Pink — “Raise Your Glass” (2010)

Meyers and Pink have worked together consistently since 1999 and amassed an emotional body of work, with videos that address self-harm (“Perfect”) and empowerment (“U & Ur Hand”). One of the most moving clips in Pink’s arsenal is “Raise Your Glass,” an ode to those who march to the beat of a different drummer. Meyers structures the clip like mini cinematic vignettes, all of which are helmed by Pink, who cosplays as a variety of characters — including Rosie the Riveter, a skater girl, and a nerdy teenager — to illustrate the different ways people can find their own way in the world.

Camila Cabello — “Havana” (2017)

“This is dedicated to the dreamers,” reads the end-title dedication of the video for “Havana,” Camila Cabello’s Grammy-nominated No. 1 hit. The sentiment rings true throughout the gorgeous, cinematic clip: In this movie-within-a-movie concept, Cabello plays a daydreaming, misfit girl who’s looking for a role model with which she can identify, and tries to find it by going to see a film, Camila in Havana. (Yes, Cabello also plays the lead.) The scenes boast impressive choreography and perfect vintage backdrops, making it one of Meyers’ most elaborate videos.

Kendrick Lamar — “HUMBLE.” (2017)

HUMBLE.” has taken home multiple awards, including a Grammy Award for Best Music Video and Video Of The Year at the MTV Video Music Awards.

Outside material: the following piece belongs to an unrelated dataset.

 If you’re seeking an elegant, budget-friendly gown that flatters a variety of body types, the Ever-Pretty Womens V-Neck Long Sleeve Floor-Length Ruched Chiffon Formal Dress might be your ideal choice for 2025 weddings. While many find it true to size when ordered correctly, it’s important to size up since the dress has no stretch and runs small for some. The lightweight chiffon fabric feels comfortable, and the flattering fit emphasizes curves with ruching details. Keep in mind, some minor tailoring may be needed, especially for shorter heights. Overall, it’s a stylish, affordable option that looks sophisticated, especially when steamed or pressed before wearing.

The accolades are well-earned: The cinematic clip’s rich symbolism is striking, while the camera nuances — such as capturing all 360 degrees of a Lamar bike ride via a GoPro Omni and sequencing them like a globe — add even more thematic layers.

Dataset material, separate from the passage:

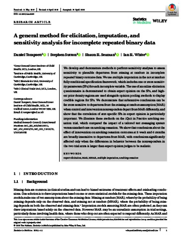 A general method for elicitation, imputation, and sensitivity analysis for incomplete repeated binary data.
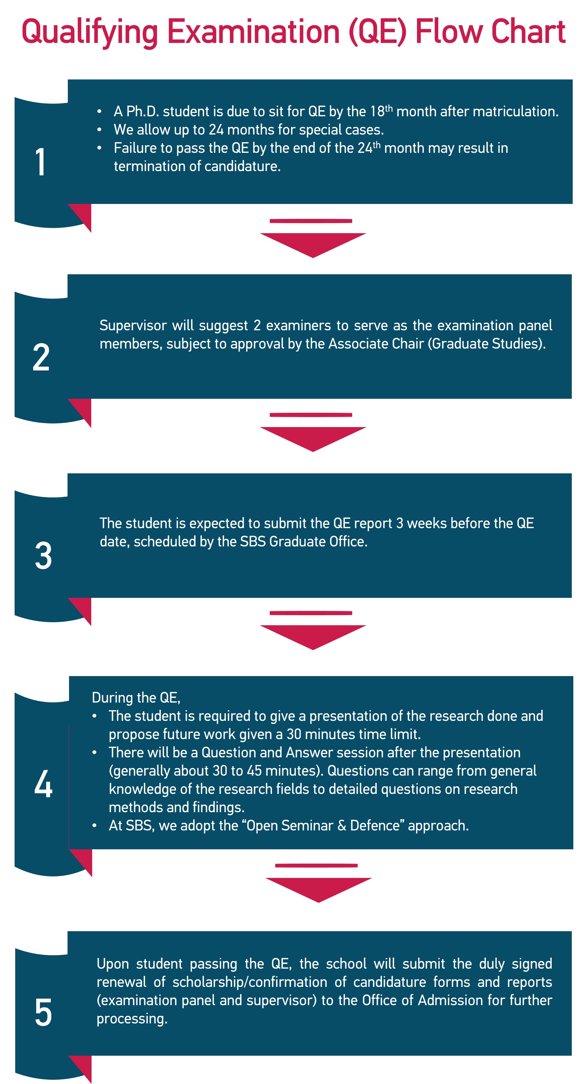 - Every PhD student has to pass the QE which is arranged and conducted by the respective Schools typically at around 18th month, but not exceeding 24th month from the commencement of the student’s PhD candidature. The timing of the Qualifying Examination may be initiated by the supervisor or by the School. Note: The student needs to achieve a cGPA of 3.5 and above before he/she can proceed to sit for the QE.

Although “Humble.” was co-directed with the Little Homies (a.k.a. Lamar and Top Dawg Entertainment president Dave Free), Meyers is quick to credit his collaborators as being integral to the clip’s execution. “Co-directing isn’t really what you think it is,” he told The Atlantic. “Any time I’ve shared co-direction, it’s always usually an acknowledgment that the artist is there and present in the creativity. So I’m in a sense collaborating with him in the creation of the idea.”

Ariana Grande — “No Tears Left to Cry” (2018)

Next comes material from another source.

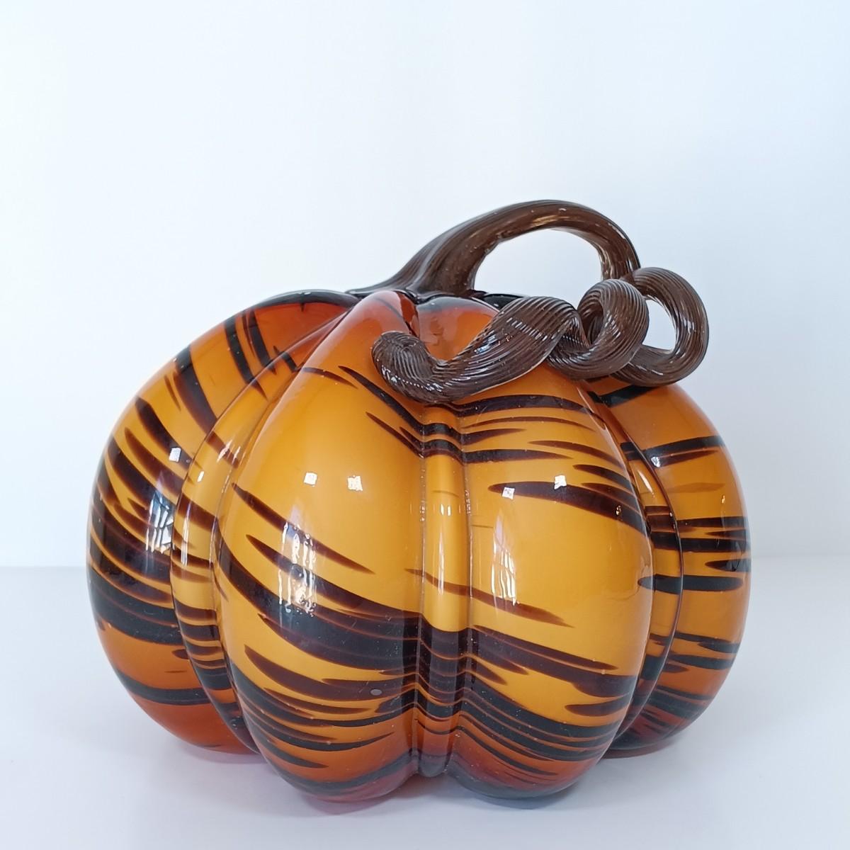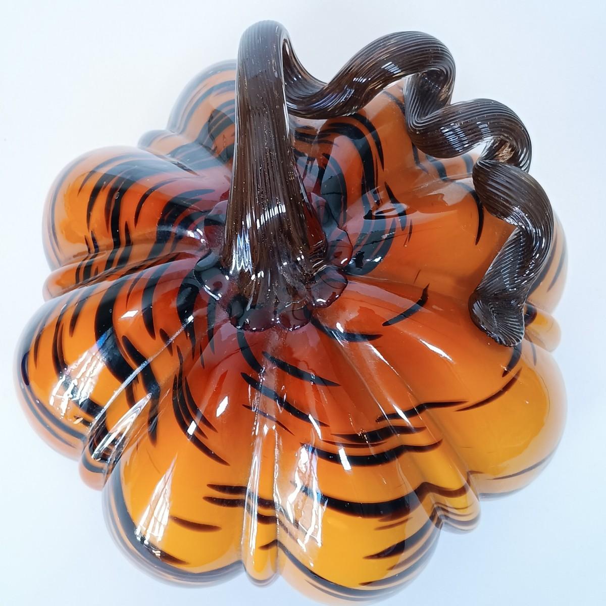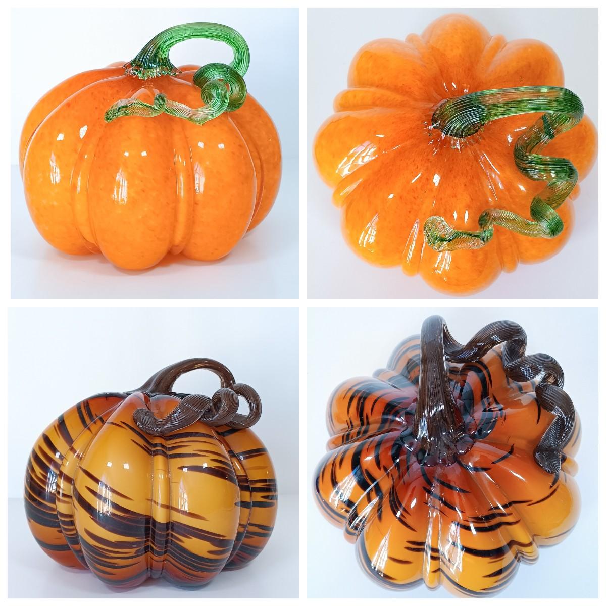 LOT 145: Set of (2) Handmade Glass Art Pumpkins

The Sweetener era began with this technology-aided marvel. The clip revolves mostly around a nighttime cityscape full of buildings stacked at all angles, defying the laws of physics and gravity. From there, to illustrate further the disorienting feeling of navigating through a breakup, Grande does a handstand on a fire escape ladder, sits on the ceiling perpendicular to the floor and then walks down a wall, and even floats off the edge of a building. Later in the clip, Grande illuminates the idea of starting over by removing her face and choosing a new one from a selection of similar visages. The net effect is dizzying and disconcerting, but thought-provoking.

Travis Scott — “Sicko Mode” (2018)

Sicko Mode,” which Meyers co-directed with Scott, captures the horror-meets-fun-house vibe of Astroworld. The mesmerizing clip plays liberally with perspectives — at one point, the rapper gets larger and smaller, Alice In Wonderland-style, as the camera wobbles, while guest Drake is filmed hurtling through computerized space and someone else is crushed by an asteroid — and surreal scenes, such as a woman shrouded in blacklight paint and computer effects that render Scott blurry and dissolving.

Billie Eilish — “Bad Guy” (2019)

Meyers draws on inspiration from his entire body of work for the “Bad Guy” video. Its dazzling backdrops and blocky color schemes exude cartoonish ’90s vibes, while Eilish’s confidence and defiant attitude conjure his larger-than-life, early ’00s hip-hop clips. Best of all, Meyers’ ensures Eilish’s personality shines through: The pop star — who sports an array of oversized fashions in rainbow hues, to match the scenes — is sullen and playful, and darkly funny as she waterboards a guy with milk, nonchalantly sings with a bloody nose, and sasses every adult in her path. It’s both very 2019 and also retro — a perfect encapsulation of Eilish’s own musical approach.

Some artists covered here are Warner Music artists. Uproxx is an independent subsidiary of Warner Music Group.